## WHAT NEEDS TO BE DONE
The reply should hold only the lines below beginning at the one with "Вычислите массу осадка, образовавшегося" and ending at the one with "A vibrant stage", copied exactly, with every picture left out.

## INPUT RECORDS
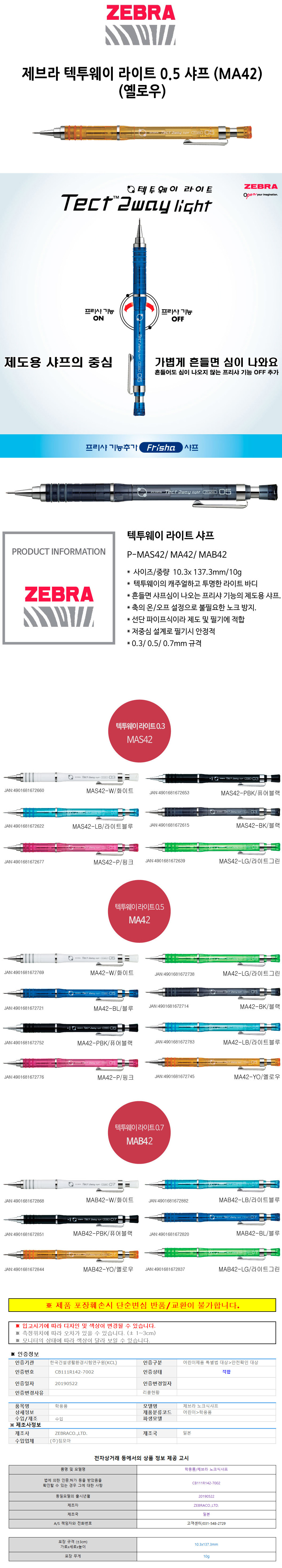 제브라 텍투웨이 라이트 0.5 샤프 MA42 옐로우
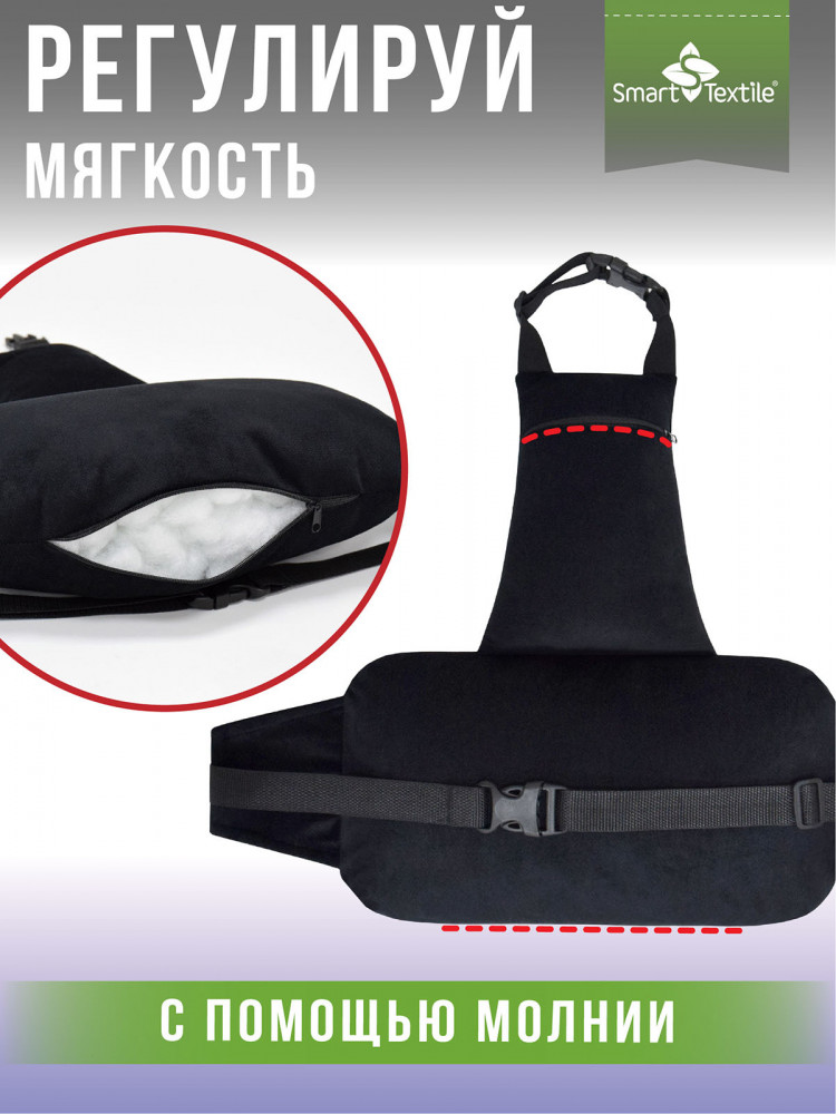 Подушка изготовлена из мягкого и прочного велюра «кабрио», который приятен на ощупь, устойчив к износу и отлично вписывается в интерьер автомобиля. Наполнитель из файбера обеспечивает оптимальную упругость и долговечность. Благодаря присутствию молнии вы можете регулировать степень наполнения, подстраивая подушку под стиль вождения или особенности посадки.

...

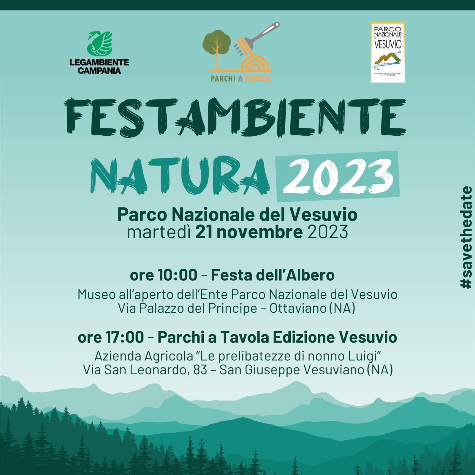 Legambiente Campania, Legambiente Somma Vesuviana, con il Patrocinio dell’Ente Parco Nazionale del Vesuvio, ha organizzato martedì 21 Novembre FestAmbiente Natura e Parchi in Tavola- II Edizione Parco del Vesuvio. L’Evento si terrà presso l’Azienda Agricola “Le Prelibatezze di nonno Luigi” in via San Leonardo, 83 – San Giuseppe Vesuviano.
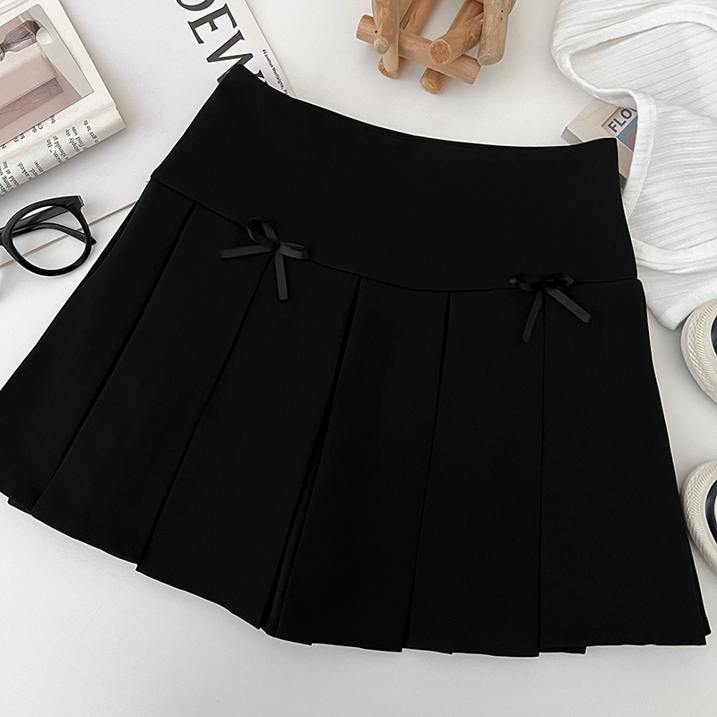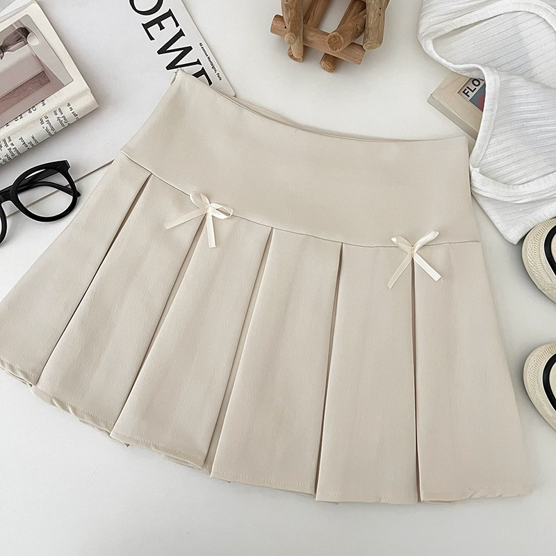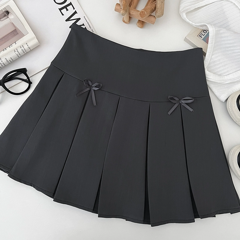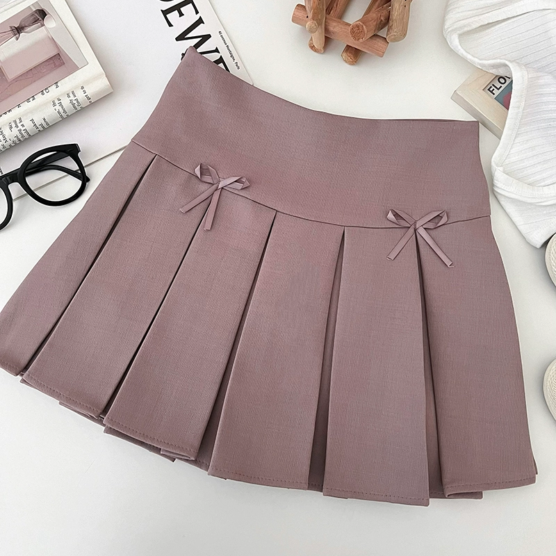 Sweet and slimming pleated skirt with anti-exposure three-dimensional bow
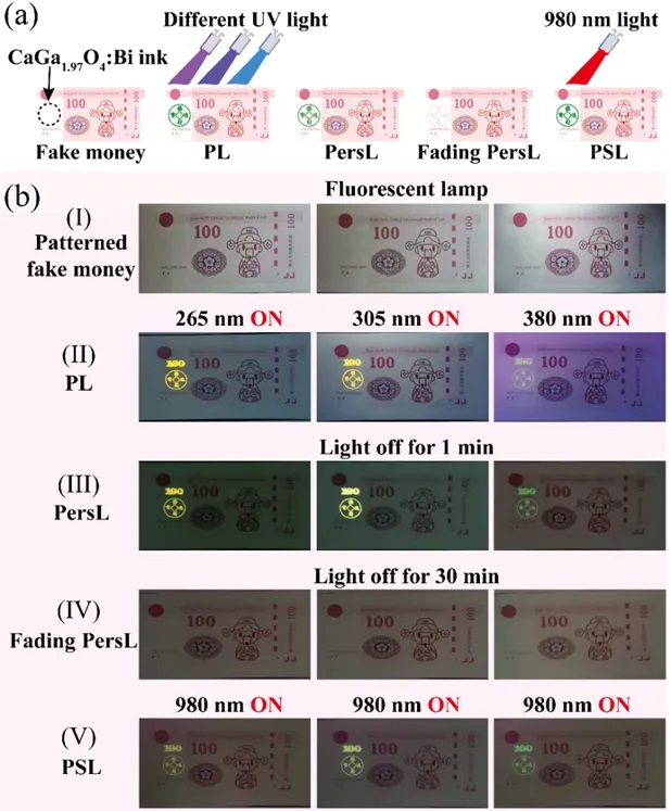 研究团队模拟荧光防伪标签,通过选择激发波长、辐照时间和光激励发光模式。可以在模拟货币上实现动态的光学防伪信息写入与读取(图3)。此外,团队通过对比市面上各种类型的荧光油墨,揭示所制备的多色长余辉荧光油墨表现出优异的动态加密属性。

* * *

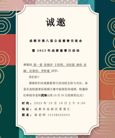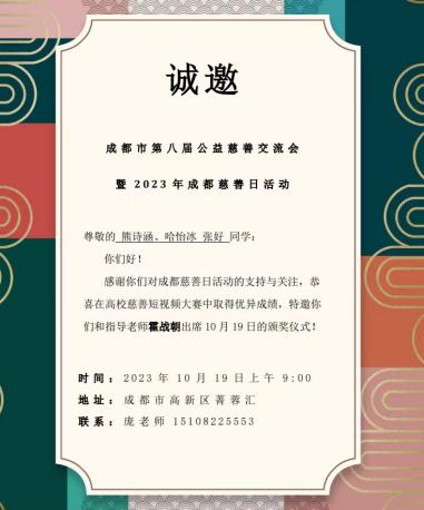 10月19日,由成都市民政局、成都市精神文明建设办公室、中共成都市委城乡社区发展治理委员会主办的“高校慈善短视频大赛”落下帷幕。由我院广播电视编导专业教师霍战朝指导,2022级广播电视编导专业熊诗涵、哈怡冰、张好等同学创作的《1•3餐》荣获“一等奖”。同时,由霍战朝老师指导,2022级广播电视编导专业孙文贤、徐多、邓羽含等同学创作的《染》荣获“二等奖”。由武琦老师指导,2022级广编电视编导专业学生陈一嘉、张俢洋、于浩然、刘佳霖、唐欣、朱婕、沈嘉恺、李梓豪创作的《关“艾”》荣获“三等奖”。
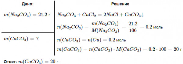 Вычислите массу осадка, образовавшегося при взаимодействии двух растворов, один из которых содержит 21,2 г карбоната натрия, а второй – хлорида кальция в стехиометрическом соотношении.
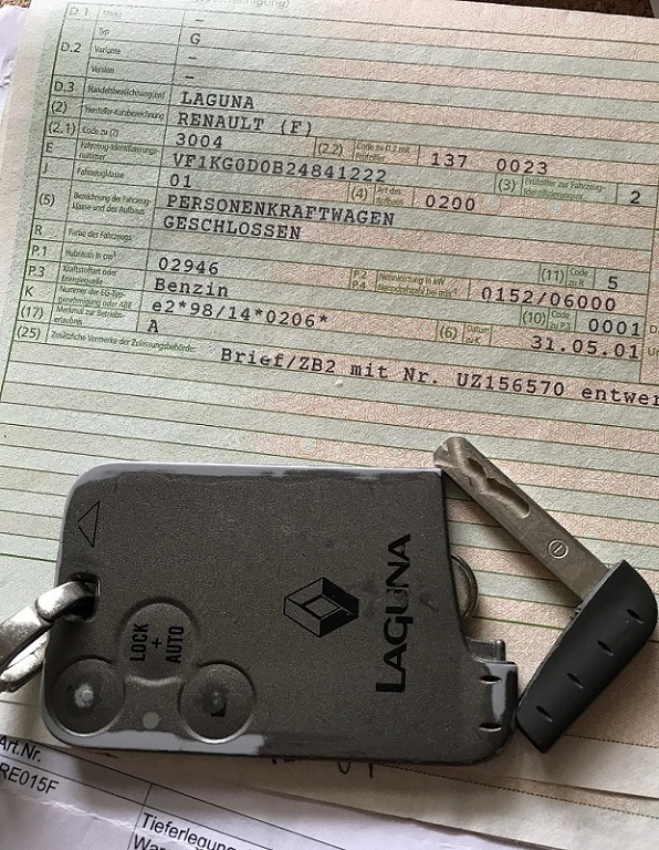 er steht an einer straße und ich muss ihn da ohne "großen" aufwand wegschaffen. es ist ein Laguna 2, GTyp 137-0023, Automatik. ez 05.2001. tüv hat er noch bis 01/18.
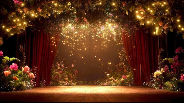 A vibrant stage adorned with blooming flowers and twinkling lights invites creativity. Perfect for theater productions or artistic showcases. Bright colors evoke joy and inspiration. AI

## FINAL ANSWER
 Вычислите массу осадка, образовавшегося при взаимодействии двух растворов, один из которых содержит 21,2 г карбоната натрия, а второй – хлорида кальция в стехиометрическом соотношении.
 er steht an einer straße und ich muss ihn da ohne "großen" aufwand wegschaffen. es ist ein Laguna 2, GTyp 137-0023, Automatik. ez 05.2001. tüv hat er noch bis 01/18.
 A vibrant stage adorned with blooming flowers and twinkling lights invites creativity. Perfect for theater productions or artistic showcases. Bright colors evoke joy and inspiration. AI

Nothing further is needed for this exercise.